She leaves us, and instantly the swarm closes in. Cameras, questions, the same three worries dressed up in a dozen clever phrasings.
How do you handle expectations? Is the team fractured without its leader? Am I ready to fill shoes too big for one cocky kid?I answer with practiced jokes and shrugs. Give them what they want. Maybe a bit more.
And then I see her.
She’s across the room. Her hair pulled so tight it must hurt, every strand a weapon. That black dress cuts a silhouette that makes my mouth go desert-dry, the high neckline like a challenge, a dare. She’s talking to some sponsor suit, sipping espresso with lips that once whispered filth against my neck, and Christ, I can still feel the scrape of her teeth. My pulse hammers in my throat, my wrists, between my legs. She looks like the fucking Ice Queen, and I remember the other her.
My Olympic secret flashes back: her eager lips, that wild laugh in a quiet hallway, the taste of her skin. She was a mystery that night. But today she is manicured into some perfect, distant trophy.
I watch her sip that espresso like it’s a religious rite, her eyes tracking the room with a dismissal that should make me feel small. But it doesn’t. Because I remember the night when I gave her exactly what she needed.
I cut through the crowd, feet light, smile loaded.
“Bonsoir,” I say, tilting my head, and switch to English. “Well, if it isn’t the ice queen. Still pretending we’ve never met?”
She doesn’t flinch, just lifts a brow and answers in polished German. “I meet a lot of people, Mr. Reiner. You’ll have to be more specific.”
A smirk slides across my mouth. “Right. My bad. I was the guy you climbed like a ski rack in Gardena. Ringing any bells?”
She sips her coffee, not missing a beat. “You must be confusing me with someone less discriminating.”
“Harsh.” I lean in, dropping my voice, my body reacting to her perfume almost instantly.
Her smell is expensive, something floral, exotic, a scent that belongs to a boardroom, not a bedroom. And yet I remember it on my sheets.
“Why do you pretend?” I ask directly.
“Because,” she flashes her lashes and gives me a half-smile, “then I could have just enjoyed my coffee. Without you looking at me like that.”
“Like what?”
She sets the cup down, her eyes flicking up. “Like I’m trouble. And dessert. And a bad idea.”
“You are," I say, letting it land. “The worst idea ever.”
Silence.
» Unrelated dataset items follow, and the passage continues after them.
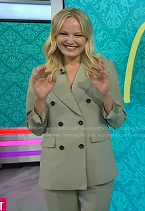 on Today on NBC was spotted wearing this sage green suit on Today on Sep 08 2025's episode. 's Jacket is the Double Breasted Lapel Blazer in Laurel Oak by Lily Silk . 's Pants is the Silk-Wool Twill Flare Pants in Laurel Oak by Lily Silk.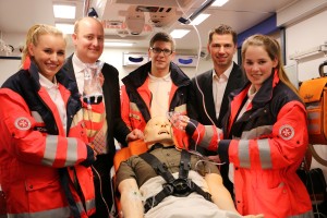 v.l.: FSJlerin Karolin Rommerswinkel, Matthias Hauer MdB, Rettungsassistent Carsten Laabs, Fabian Schrumpf sowie FSJlerin Amelie Busch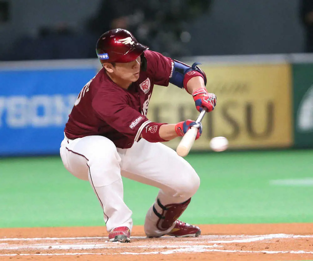 <日・楽>6回、勝ち越しのセーフティースクイズを決める辰己(撮影・高橋 茂夫) Photo by スポニチ 楽天 2者連続スクイズの奇襲で7連勝 リーグ最速20勝到達 貯金14で首位… ギャラリーで見る この記事のフォト 2022年05月06日の画像一覧 もっと見る 2022年05月06日の画像をもっと見る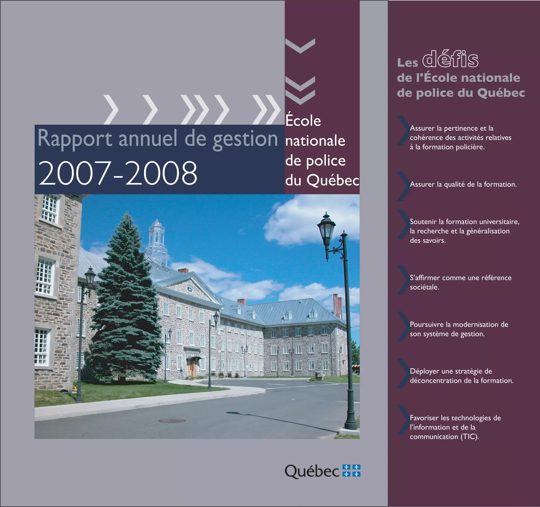 Le rapport annuel de gestion de l'École nationale de police du Québec pour l'exercice financier 2007-2008 présente les résultats obtenus par l'établissement et fait état de sa mission de formation et de perfectionnement des policiers. Il décrit également la gestion des ressources, les états financiers et les progrès réalisés en matière de développement de programmes de formation et d'initiatives de modernisation. Ce document constitue une reddition de comptes envers le gouvernement du Québec et souligne l'engagement de l'équipe dans l'amélioration continue des services offerts.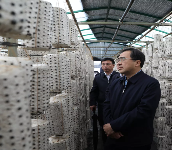 王秋实来到汤原县胜利乡福隆村食用菌大棚,查看木耳种植生产情况,现场询问了解汤原县木耳产业发展、产品销售和质量管控等情况。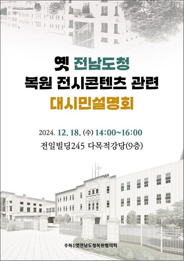 문체부 관계자는 “설명회를 통해 나오는 의견을 적극 검토하고 당사자와 전문가, 시민들과 긴밀히 소통해 옛 전남도청 복원에 5.18민주화운동의 숭고한 역사적 가치를 온전히 반영할 수 있도록 노력하겠다”고 말했다.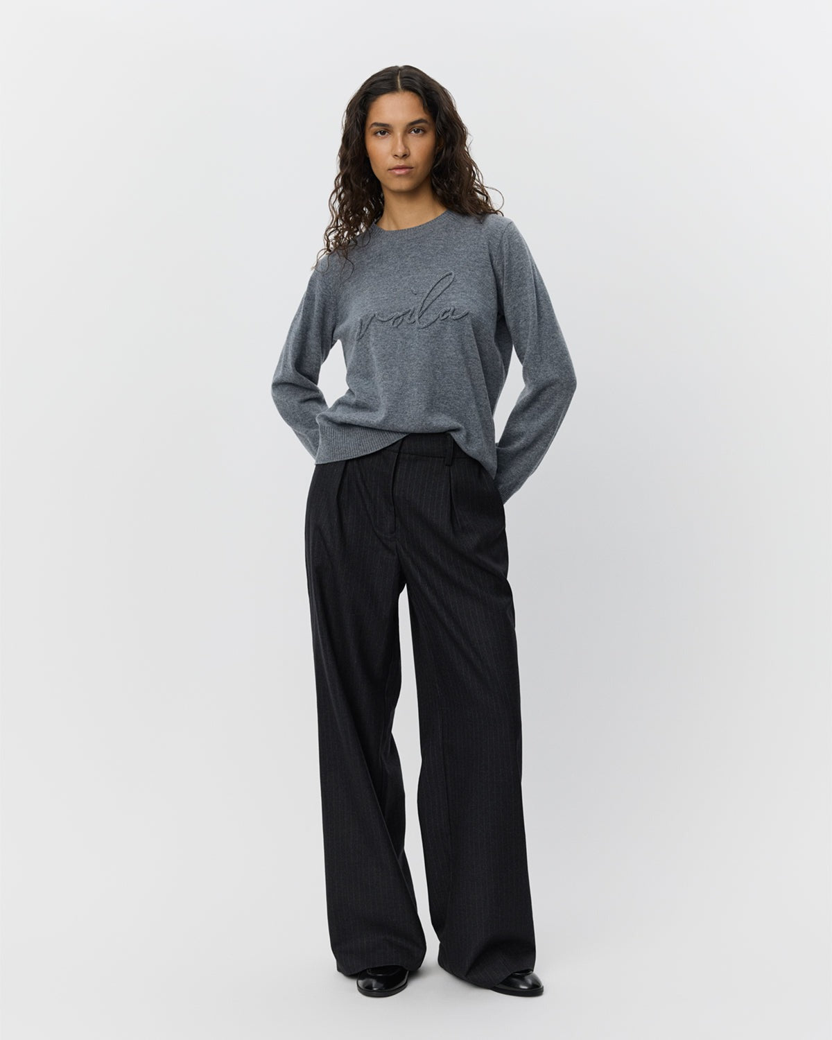 Pull à manches longues. Col rond. Écriture "Voilà" brodée à l'avant.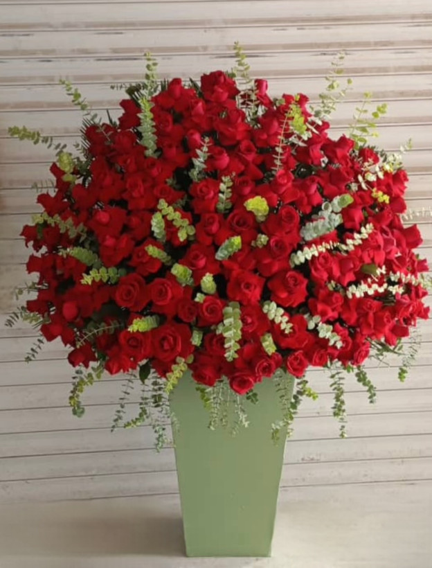 باکس VIP با گل رز قرمز و اکالیپتوس💚❤️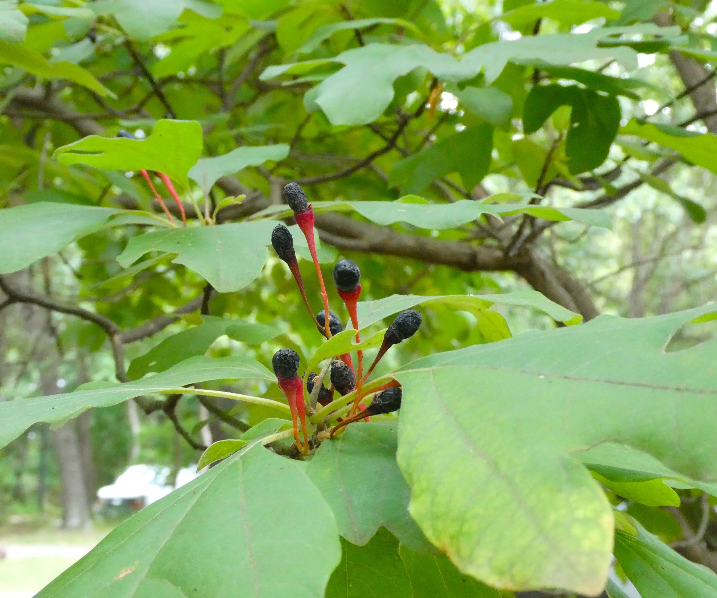 Sassafras is a unique tree with many interesting features, from the bark to leaves to berries. A member of the Lauraceae (Laurel) family, it also has aromatic properties and was traditionally used culinarily. Its roots were used for root beer flavoring, leaves for tea, and stems for a gumbo-thickening agent (filé). Recently, the oils in Sassafras have been determined to contain a carcinogenic compound (safrole) so many of its uses have been banned.

Her cheeks growing pink, her breath going faster, her look giving away that she remembers every single detail of our night. And hates it.
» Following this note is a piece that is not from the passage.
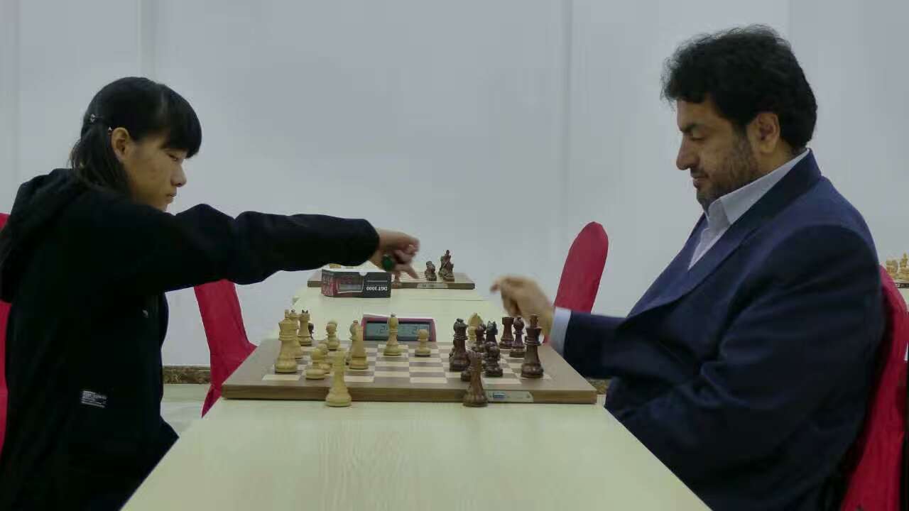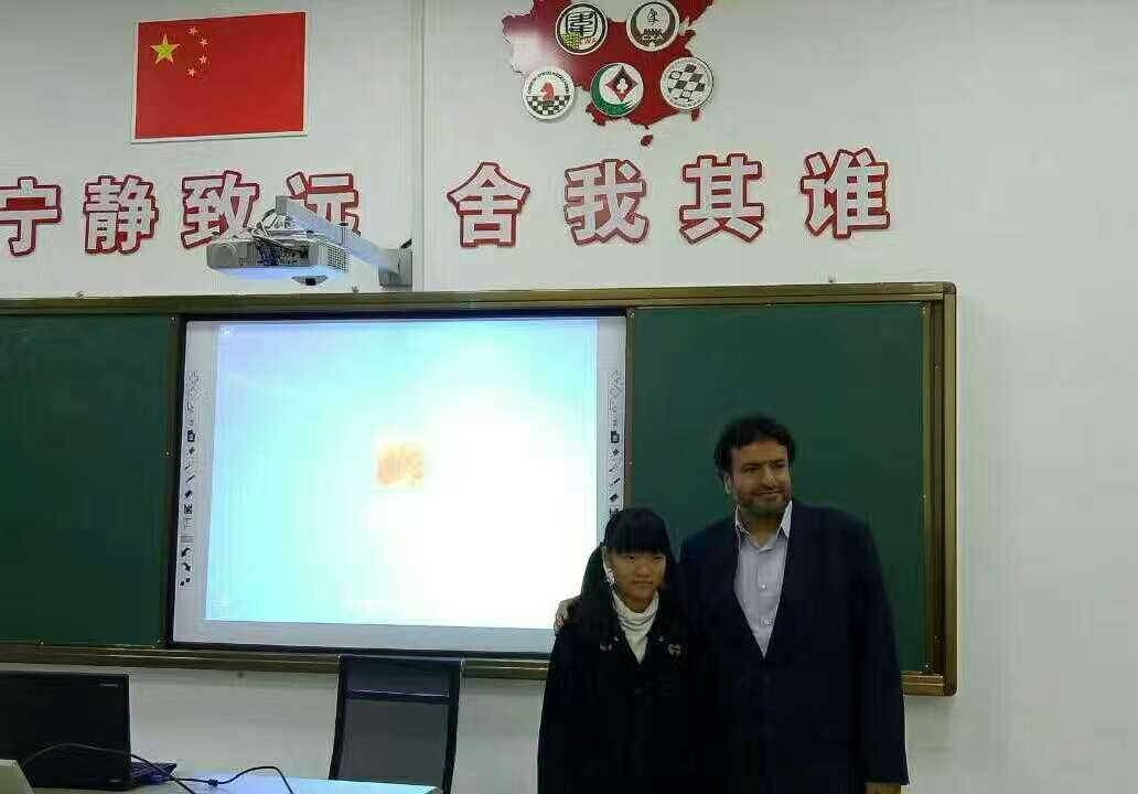 (哈什姆先生与刚刚参加了U14亚团赛的白雪切磋棋艺)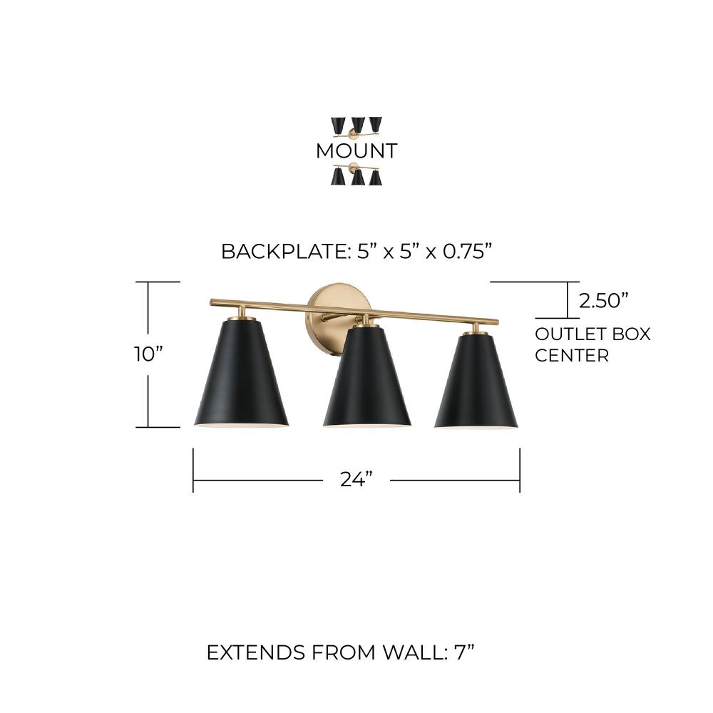 Featuring sleek metal shades and Matte Brass details, the Charlie 3-Light Vanity punctuates any powder room. The cone shape paired with the Matte Black finish delivers classic style all around.

I move an inch closer. “That’s why I can’t stop thinking about you.”
She leans away from me, eyes terrified before she regains composure and looks away. “You don’t even know my name.”
“I don’t need it to remember how you taste.”
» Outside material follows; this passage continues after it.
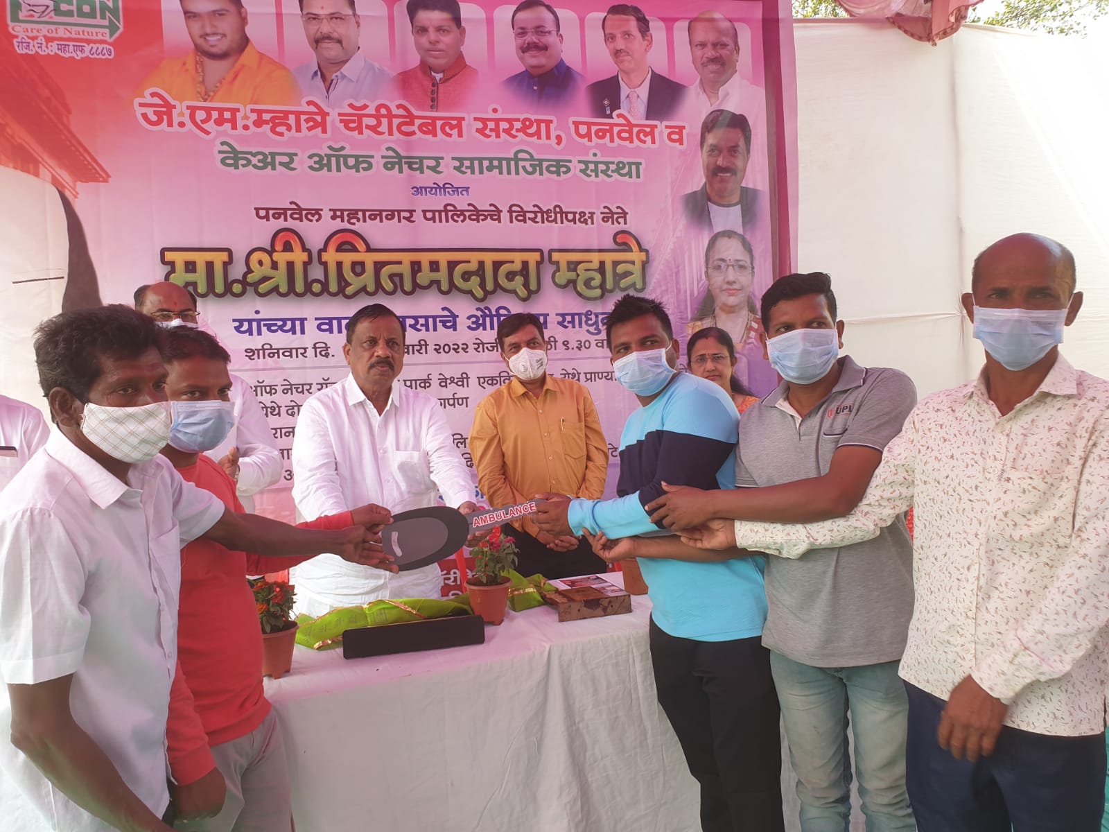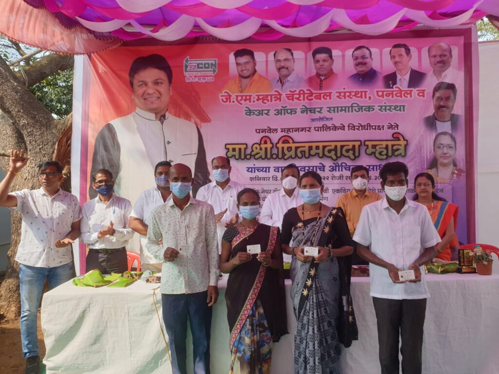जे एम म्हात्रे चॅरिटेबल ट्रस्ट संस्था पनवेल व केअर ऑफ नेचर सामाजिक संस्था उरण यांच्या संयुक्त विद्यमाने पनवेल महानगर पालिकेचे विरोधी पक्षनेते प्रीतम म्हात्रे यांच्या वाढदिवसाचे औचित्य साधून उरण तालुक्यात विविध सामाजिक उपक्रम राबविण्यात आले. केअर ऑफ नेचर रॉक ऍनिमल पार्क वेश्वि एकविरा डोंगर येथे प्राण्याच्या पुतळ्यांचे उदघाटन, रानसई येथे दोन रुग्णवाहिकेचे लोकार्पण, आय लव्ह रानसई नावाचे लोकार्पण,150 आदिवासी लोकांना ई श्रम कार्ड पॉलिसी वाटप, आदिवासी आश्रम शाळा चिरनेर येथे आदिवासी मुलांना मोफत कराटे क्लासेसची सुरवात आदि विविध सामाजिक उपक्रम विरोधी पक्षनेते प्रीतम म्हात्रे यांच्या वाढदिवसानिमित्त उरणमध्ये राबविण्यात आले. यावेळी उद्योजक महेश मारुतीराव पवार व महिला सामाजिक कार्यकर्ते संगीता सचिन ढेरे यांचा विशेष सत्कार करण्यात आला.

Her jaw drops, she blinks and suppresses a grin. “You’ve got a big mouth.”
“And an even better tongue.” I grin, voice dropping. “Want me to prove it again?”
She laughs, low and dangerous, her ice mask back in place. “Careful, golden boy. I bite.”
“That’s what I’m counting on.”
She picks up her purse, all elegance and icy grace, and turns to leave. It almost looks like she’s gliding, but I see the crack, a hurry in her step. She’s desperate to get away, to run from what she might agree to.
A few paces away, she pauses, glancing back over her shoulder.
“If you want to make a move, Reiner… you’ll have to do better than words.”
I can’t help the grin. “Challenge accepted.”